Engel North America names president
GUELPH, ONTARIO - Engel Holding GmbH, the Austrian maker of injection presses and robots, has appointed Walter Jungwirth president of its North American operations, Engel Machinery Inc.
Jungwirth has worked at Engel since 1978, holding a variety of technical, sales and marketing, and management positions in Africa, Asia, the United Kingdom and the United States. Before joining Engel's assembly plant in Guelph, he was sales director for an Engel injection press plant in St. Valentin, Austria.
In 2002, the firm named Jungwirth executive vice president of sales and marketing for North America. Reinhard Rieder, the North American executive vice president and general manager, resigned earlier this year. As North American president, Jungwirth also serves on the Engel Holding strategic management committee. He is based in Guelph.
Schwertberg, Austria-based Engel Holding coordinates worldwide operations of the machinery maker.
Marshall bought back by former owner
MARTIN, MICH. - The former owner of Marshall Plastic Film Inc. has bought back the company from Plassein International Corp. and reopened the facility.
Marshall Forsberg, the founder of Martin-based Marshall Plastic, purchased the building and property Aug. 8. His company, MPF Acquisitions Inc., has run the plant on a lease arrangement since June 9 while attempting to complete the purchase, said Marshall Plastic Film President John Roggow.
Roggow, a minority stockholder in the plant, will run the 40,000-square-foot operation while Forsberg will serve as chairman. The company has hired back 52 people, Roggow said.
The facility had closed temporarily just before Willington, Conn.-based Plassein filed for Chapter 11 protection from creditors May 14. Plassein is selling off its other assets and has completed the sale of its Salem, N.H., plant to Europackaging plc.
Marshall extrudes specialty film used for high-temperature paint masking applications, primarily for the automotive market, and also manufactures flame-retardant film for flexible building ducts.
Forsberg sold the facility to Plassein in January 2000. He repurchased it with the intention of re-igniting the business, Roggow said.
Ala. PCB lawsuit reaches settlement
ST. LOUIS - Nylon maker and compounder Solutia Inc. will pay $50 million over a 10-year period as part of the settlement of a contamination-related lawsuit.
St. Louis-based Solutia - along with specialty chemical maker Monsanto Co. and drug producer Pharmacia - will pay a total of $600 million to resolve lawsuits surrounding alleged polychlorinated biphenyl contamination at an Anniston, Ala., site.
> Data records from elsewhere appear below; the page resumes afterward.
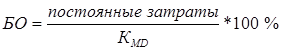 определяет, сколько продукции должно быть реализовано, для покрытия постоянных затрат (величина покрытия в натуральном выражении). Соотношение между постоянными издержками и КМД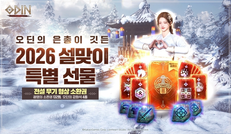 ‘2026년 설 기념 오딘의 유물 강화석 지급 특별 미션’을 통해 유물 관련 미션을 완료하면 ‘오딘의 유물 강화석’ 2개가 지급된다. 오는 2월 16일부터 18일까지는 설연휴 기간 접속 시 ‘광명의 소환권’을 최대 66장 제공하는 푸시 이벤트도 실시된다.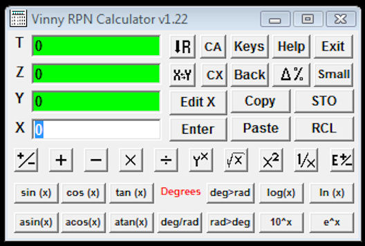 Vinny RPN Calculator is a Reverse Polish Notation utility program for science and engineering students. It temporarily converts the computers numeric key pad into a RPN calculator. Number inputs can be decimal or exponential with dot or comma (European) digit separator.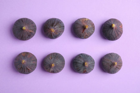 Delicious ripe figs on violet background, flat lay

The settlement resolves outstanding claims but includes no admissions of wrongdoing, Solutia officials said in an Aug. 20 news release.
The settlement ``puts the company in a better position ... to refinance its bank facility ... and other legacy liabilities,'' Solutia Chairman and Chief Executive Officer John Hunter said in the release.
Nova blackout-affected plants restarting
PITTSBURGH - A week after a major blackout hit the United States and Canada, Nova Chemicals Corp. is restarting two plants, and it plans to have three other affected sites up and running by the end of the month.
The restart can't happen soon enough for Nova, which on Aug. 22 said it would lose 150 million pounds of plastics and chemical production and $10 million in third-quarter earnings as a result of the blackout.
The Aug. 14 blackout knocked out power to four Nova plants in Ontario - at Corunna, Sarnia, Moore Township and St. Clair River - and to a fifth plant in Painesville, Ohio. As of Aug. 21, restarts were under way in Corunna - where Pittsburgh-based Nova makes plastic feedstocks ethylene, propylene, benzene and toluene - and Sarnia, where Nova produces styrene monomer, which is used to make polystyrene.
The restarts are being affected by energy restrictions, which are limiting the sites to 50 percent of their typical power draw, according to Nova spokeswoman Stephanie Franken.
``The main problem has been ensuring the reliability of the power grid,'' she said.
Start-ups at a 750 million-pound-capacity polyethylene plant in Moore Township, a 600 million-pound-capacity PE plant in St. Clair River and a 70 million-pound-capacity expanded PS plant in Painesville are set to take place in the next 7-10 days, Franken said.
Although all of the plants were running at the time of the blackout, Franken said there was ``no unexpected or severe damage'' to production equipment.